If you or anyone else can provide some details, I'd appreciate it. I'm assuming this trade protectionism contributed to a downward spiral at the very time we needed an upward spiral.
 
If you or anyone else can provide some details, I'd appreciate it. I'm assuming this trade protectionism contributed to a downward spiral at the very time we needed an upward spiral.

Read all about it: http://en.wikipedia.org/wiki/Smoot–Hawley_Tariff_Act

While economists obviously don't all share the same opinions even about quantifiable historical facts (and economics debates are often flame-bait), from what I (disclaimer: not an economist or economic historian) have always been taught the H-S tariffs are often singled out as a major contributor to the worldwide spiral. To quote Bernanke: "Economists still agree that Smoot–Hawley and the ensuing tariff wars were highly counterproductive and contributed to the depth and length of the global Depression." How much so is, of course, the source of much continuing debate, which in my experience typically speak more to modern economic arguments than to actual historical fact. ;)
 
Read all about it: http://en.wikipedia.org/wiki/Smoot–Hawley_Tariff_Act

While economists obviously don't all share the same opinions even about quantifiable historical facts (and economics debates are often flame-bait), from what I (disclaimer: not an economist or economic historian) have always been taught the H-S tariffs are often singled out as a major contributor to the worldwide spiral. To quote Bernanke: "Economists still agree that Smoot–Hawley and the ensuing tariff wars were highly counterproductive and contributed to the depth and length of the global Depression." How much so is, of course, the source of much continuing debate, which in my experience typically speak more to modern economic arguments than to actual historical fact. ;)

It's questionable how much Smoot-Hawley contributed to the Great Depression seeing as the British were on the Imperial Preference system before Smoot-Hawley and the US, as of 1929, did not depend heavily on exports or imports so much as the internal domestic market. The bigger issue was the drying up of credit in the wake of the stock market crash and massive overleveraging of debt in France, Germany, and other regions dependent on postwar American loans. Taking Smoot-Hawley off the table won't stop the credit crunch especially since most of the world was still trying to operate off the gold standard up until Roosevelt froze the price of gold, greatly limiting what central banks could and could not do with the money supply. The Dust Bowl did more economic damage, IMO, than Smoot-Hawley.
 

GeographyDude

Gone Fishin'
The problem I have with wikipedia is that one person writes something with a reference, and then three other people re-write it.

And in general the focus seems to be on the formality of the writing, and not necessarily on the accuracy of the information.
 
The problem I have with wikipedia is that one person writes something with a reference, and then three other people re-write it.

And in general the focus seems to be on the formality of the writing, and not necessarily on the accuracy of the information.

This is all too true.

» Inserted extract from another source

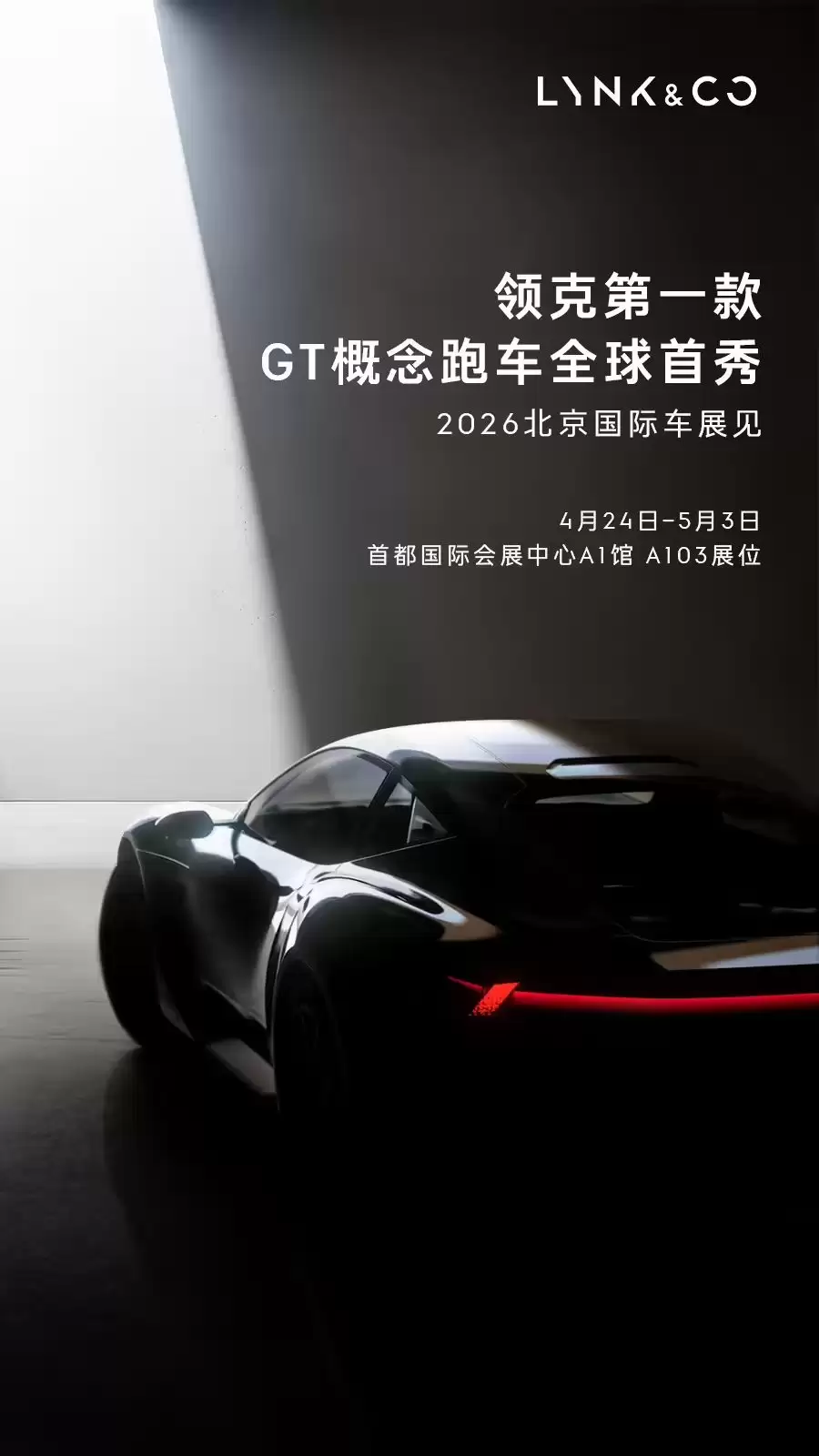领克第一款 GT 概念跑车官宣:四天后 2026 北京车展见

Wikipedia is a good start for information but I would never depend on it to be totally accurate even with regards to summations. It has IMHO degenerated from caring about what is accurate to what a clueless editorship views as popular.

For example the WWII article starts "World War II (WWII or WW2), also known as the Second World War (after the recent Great War), was a global war that lasted from 1939 to 1945" enough though other reliable sources date the conflict as early as 1931. Prelude to War (1942) expressly states "remember that date: Sept 18, 1931 a date you should remember as well as Dec 7, 1941. For on that date in 1931 the war we are now fighting begun." and yet efforts to get this reliable contemporary (to WWII) source with more recent works varifying it as still accurate into the WWII article were crushed.

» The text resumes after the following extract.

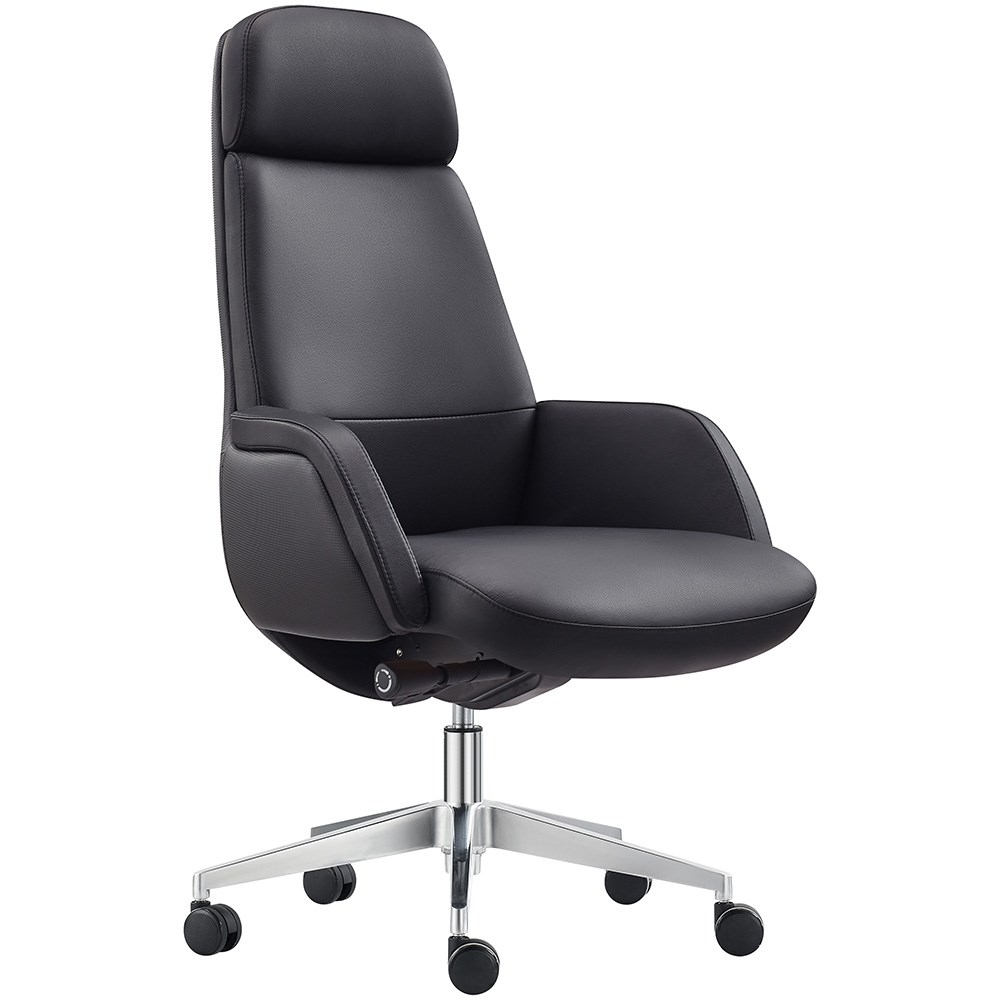 Captain High Back Executive Chair With Arms Leather Black

Theses sources have been ignored in the WWII article regarding the war starting in 1931:

Cheng, Chu-chueh (2010) The Margin Without Centre: Kazuo Ishiguro Peter Lang Page 116

Ghuhl, Wernar (2007) Imperial Japan's World War Two Transaction Publishers pg 7

Polmar, Norman; Thomas B. Allen (1991) World War II: America at war, 1941-1945 ISBN-13: 978-0394585307

Spencer C. Tucker (23 December 2009). A Global Chronology of Conflict: From the Ancient World to the Modern Middle East. ABC-CLIO. p. 1850. ISBN 978-1-85109-672-5.

Mike Wright (21 January 2009). What They Didn't Teach You About World War II. Random House Digital, Inc. p. 122. ISBN 978-0-307-54916-7.

See the archive for how reliable sources are ignored

All these publisher's sources stating that 1931 was the start of WWII have been ignored:

Enslow Publishers, - "publishes high-quality educational fiction and nonfiction books for children and young adults in grades Pre-K, and K-12."
University Press of Kentucky - nuff said

Peter Lang - "international academic publisher"

Transaction Publishers - "major independent publisher of social science books and eBooks on political science, economics, history, sociology, psychology..."

ABC-CLIO - "publisher of reference works for the study of history and social studies in academic, secondary school, and public library settings."
Special Service Division Army Services Forces with cooperation with the US Army Signal Corps by the United States Government (1942) United State Holocaust Memorial Museum (present day)

Wikipedia has become a bad joke.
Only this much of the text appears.